> _Task item_
Your job with the data below: print everything from the line that holds "Fits like a" down to the line that holds "A bisque socket", ends included, exactly, and nothing else.

> _Input material_
▼▼▼

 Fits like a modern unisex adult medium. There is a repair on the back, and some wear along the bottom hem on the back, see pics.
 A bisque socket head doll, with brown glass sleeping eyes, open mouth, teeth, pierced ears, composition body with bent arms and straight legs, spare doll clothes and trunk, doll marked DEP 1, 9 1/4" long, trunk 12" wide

▲▲▲
▼▼▼

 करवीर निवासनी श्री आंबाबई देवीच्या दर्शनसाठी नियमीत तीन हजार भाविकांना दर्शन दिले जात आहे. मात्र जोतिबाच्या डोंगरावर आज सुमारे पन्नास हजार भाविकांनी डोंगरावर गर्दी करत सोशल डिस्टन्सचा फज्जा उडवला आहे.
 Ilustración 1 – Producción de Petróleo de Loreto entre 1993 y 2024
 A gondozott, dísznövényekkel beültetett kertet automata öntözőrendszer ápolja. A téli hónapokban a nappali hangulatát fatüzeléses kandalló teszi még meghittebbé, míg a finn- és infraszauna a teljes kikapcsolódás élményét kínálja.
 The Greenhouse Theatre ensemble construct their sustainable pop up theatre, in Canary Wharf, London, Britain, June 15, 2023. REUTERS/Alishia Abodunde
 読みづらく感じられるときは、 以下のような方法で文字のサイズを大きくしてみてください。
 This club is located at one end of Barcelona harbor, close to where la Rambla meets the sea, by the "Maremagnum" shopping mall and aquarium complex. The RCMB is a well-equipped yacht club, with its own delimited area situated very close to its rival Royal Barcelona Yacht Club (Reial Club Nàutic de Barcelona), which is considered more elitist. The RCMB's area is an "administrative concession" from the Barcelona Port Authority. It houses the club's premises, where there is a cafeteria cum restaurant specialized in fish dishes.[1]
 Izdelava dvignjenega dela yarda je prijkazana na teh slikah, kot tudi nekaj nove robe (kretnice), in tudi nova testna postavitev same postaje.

▲▲▲
▼▼▼

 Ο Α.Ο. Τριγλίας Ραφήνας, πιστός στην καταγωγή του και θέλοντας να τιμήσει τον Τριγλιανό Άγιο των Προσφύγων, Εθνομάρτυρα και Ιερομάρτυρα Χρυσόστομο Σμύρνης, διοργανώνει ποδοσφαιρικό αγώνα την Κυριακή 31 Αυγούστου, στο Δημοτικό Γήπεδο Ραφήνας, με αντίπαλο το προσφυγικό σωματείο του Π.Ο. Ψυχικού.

▲▲▲

> _Answer to this task_
 Fits like a modern unisex adult medium. There is a repair on the back, and some wear along the bottom hem on the back, see pics.
 A bisque socket head doll, with brown glass sleeping eyes, open mouth, teeth, pierced ears, composition body with bent arms and straight legs, spare doll clothes and trunk, doll marked DEP 1, 9 1/4" long, trunk 12" wide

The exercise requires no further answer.